▶ **Material supplied**
====

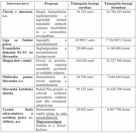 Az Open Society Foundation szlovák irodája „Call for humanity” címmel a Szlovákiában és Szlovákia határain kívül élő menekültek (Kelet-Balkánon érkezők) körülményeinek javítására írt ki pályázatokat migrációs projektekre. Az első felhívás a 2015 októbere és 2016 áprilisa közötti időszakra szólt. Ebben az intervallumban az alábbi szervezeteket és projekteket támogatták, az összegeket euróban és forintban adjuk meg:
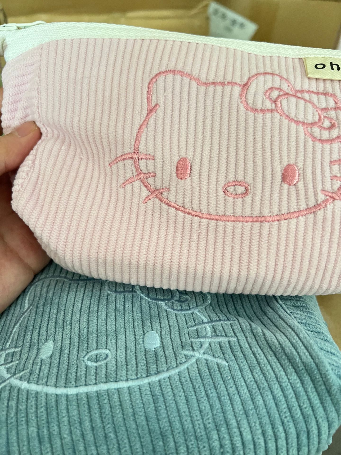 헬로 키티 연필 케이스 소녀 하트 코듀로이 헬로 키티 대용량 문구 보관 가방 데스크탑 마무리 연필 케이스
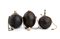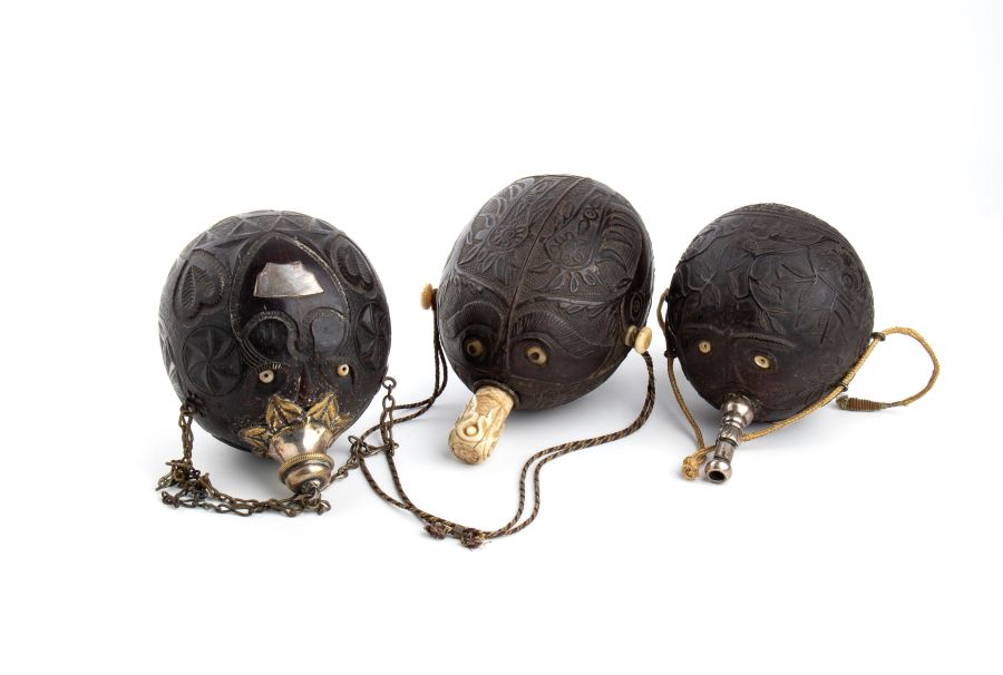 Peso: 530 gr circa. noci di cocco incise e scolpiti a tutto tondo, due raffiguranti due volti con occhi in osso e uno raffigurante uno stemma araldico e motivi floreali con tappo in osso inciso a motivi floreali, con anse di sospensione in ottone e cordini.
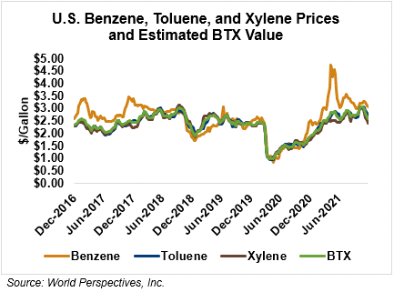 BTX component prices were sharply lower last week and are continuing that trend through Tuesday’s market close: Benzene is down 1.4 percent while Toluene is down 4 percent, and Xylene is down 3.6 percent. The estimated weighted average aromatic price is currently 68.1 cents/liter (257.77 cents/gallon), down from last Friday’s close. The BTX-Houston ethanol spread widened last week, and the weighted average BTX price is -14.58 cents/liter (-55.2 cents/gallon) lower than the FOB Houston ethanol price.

====

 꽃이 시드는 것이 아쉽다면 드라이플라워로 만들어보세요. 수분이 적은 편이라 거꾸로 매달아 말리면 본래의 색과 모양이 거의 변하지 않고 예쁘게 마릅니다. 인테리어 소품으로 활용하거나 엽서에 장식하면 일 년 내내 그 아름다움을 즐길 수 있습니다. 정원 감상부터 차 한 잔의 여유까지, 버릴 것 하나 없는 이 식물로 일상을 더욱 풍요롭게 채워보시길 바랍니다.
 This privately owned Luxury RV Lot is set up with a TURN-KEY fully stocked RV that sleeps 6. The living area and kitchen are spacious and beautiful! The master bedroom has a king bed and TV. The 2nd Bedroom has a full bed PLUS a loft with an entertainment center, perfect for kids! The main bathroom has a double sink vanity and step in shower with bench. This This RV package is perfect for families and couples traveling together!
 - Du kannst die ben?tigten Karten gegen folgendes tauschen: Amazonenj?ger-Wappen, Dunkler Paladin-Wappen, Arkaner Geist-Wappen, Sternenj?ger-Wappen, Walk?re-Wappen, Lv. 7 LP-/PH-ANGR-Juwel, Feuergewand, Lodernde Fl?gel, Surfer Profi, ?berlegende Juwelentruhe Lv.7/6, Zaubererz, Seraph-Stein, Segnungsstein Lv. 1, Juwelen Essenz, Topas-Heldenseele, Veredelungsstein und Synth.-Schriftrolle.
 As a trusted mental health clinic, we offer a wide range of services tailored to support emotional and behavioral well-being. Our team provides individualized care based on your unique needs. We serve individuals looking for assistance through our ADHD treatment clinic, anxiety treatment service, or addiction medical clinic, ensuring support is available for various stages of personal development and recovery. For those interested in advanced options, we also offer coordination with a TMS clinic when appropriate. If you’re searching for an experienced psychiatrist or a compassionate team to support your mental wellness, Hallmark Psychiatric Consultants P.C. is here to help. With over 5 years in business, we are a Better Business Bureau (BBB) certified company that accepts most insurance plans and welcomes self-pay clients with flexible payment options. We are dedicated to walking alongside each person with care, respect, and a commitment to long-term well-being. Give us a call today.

====

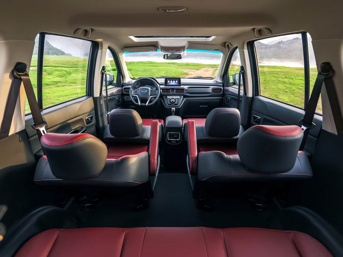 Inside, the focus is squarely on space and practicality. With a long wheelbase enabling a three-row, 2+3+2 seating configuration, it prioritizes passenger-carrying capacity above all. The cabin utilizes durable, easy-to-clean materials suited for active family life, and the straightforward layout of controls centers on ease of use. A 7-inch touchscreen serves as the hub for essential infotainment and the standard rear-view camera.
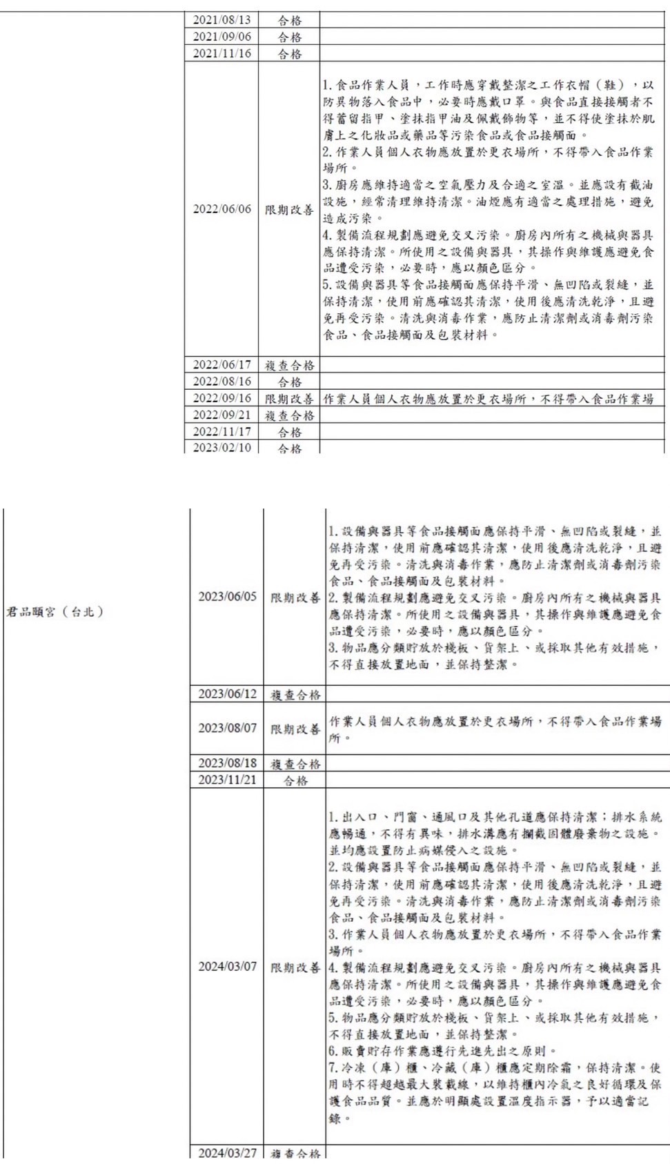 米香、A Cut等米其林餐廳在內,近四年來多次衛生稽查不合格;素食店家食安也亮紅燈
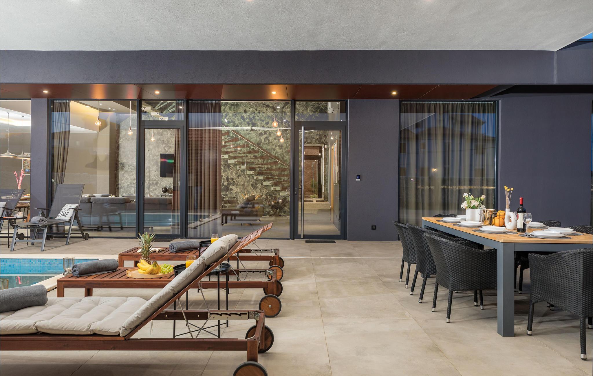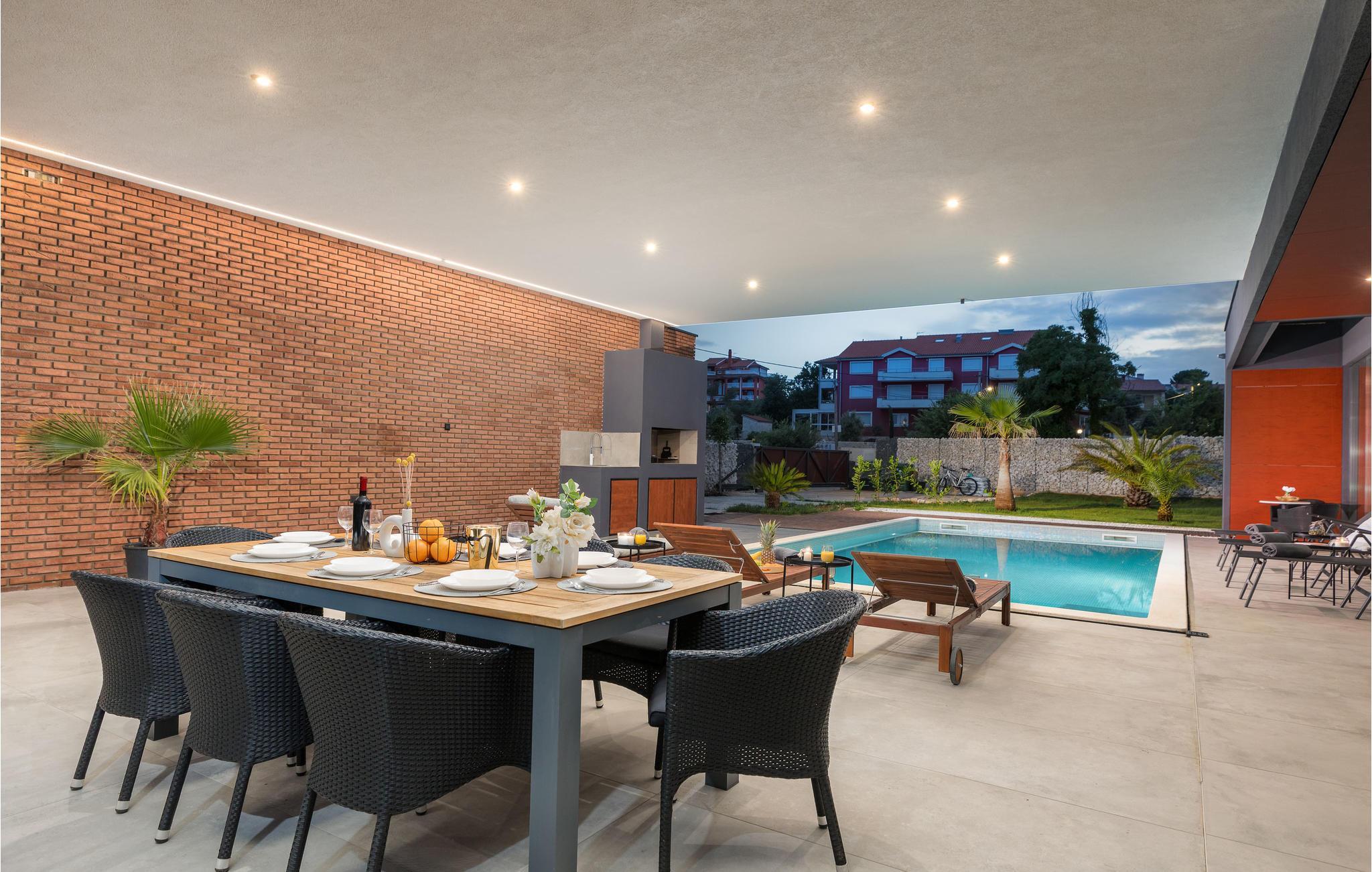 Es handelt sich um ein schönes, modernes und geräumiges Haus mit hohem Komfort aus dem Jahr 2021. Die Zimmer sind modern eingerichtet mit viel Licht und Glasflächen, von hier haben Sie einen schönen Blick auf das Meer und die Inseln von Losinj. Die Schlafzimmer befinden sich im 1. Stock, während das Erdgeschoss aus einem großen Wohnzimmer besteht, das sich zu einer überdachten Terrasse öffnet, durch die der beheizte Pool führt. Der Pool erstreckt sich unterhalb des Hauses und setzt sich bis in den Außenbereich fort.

====

▶ **Your goal**
Copy out the listing above from the line containing "Peso: 530 gr" to the line containing "BTX component prices", both included, exactly as written and minus the images.

▶ **Solution**
 Peso: 530 gr circa. noci di cocco incise e scolpiti a tutto tondo, due raffiguranti due volti con occhi in osso e uno raffigurante uno stemma araldico e motivi floreali con tappo in osso inciso a motivi floreali, con anse di sospensione in ottone e cordini.
 BTX component prices were sharply lower last week and are continuing that trend through Tuesday’s market close: Benzene is down 1.4 percent while Toluene is down 4 percent, and Xylene is down 3.6 percent. The estimated weighted average aromatic price is currently 68.1 cents/liter (257.77 cents/gallon), down from last Friday’s close. The BTX-Houston ethanol spread widened last week, and the weighted average BTX price is -14.58 cents/liter (-55.2 cents/gallon) lower than the FOB Houston ethanol price.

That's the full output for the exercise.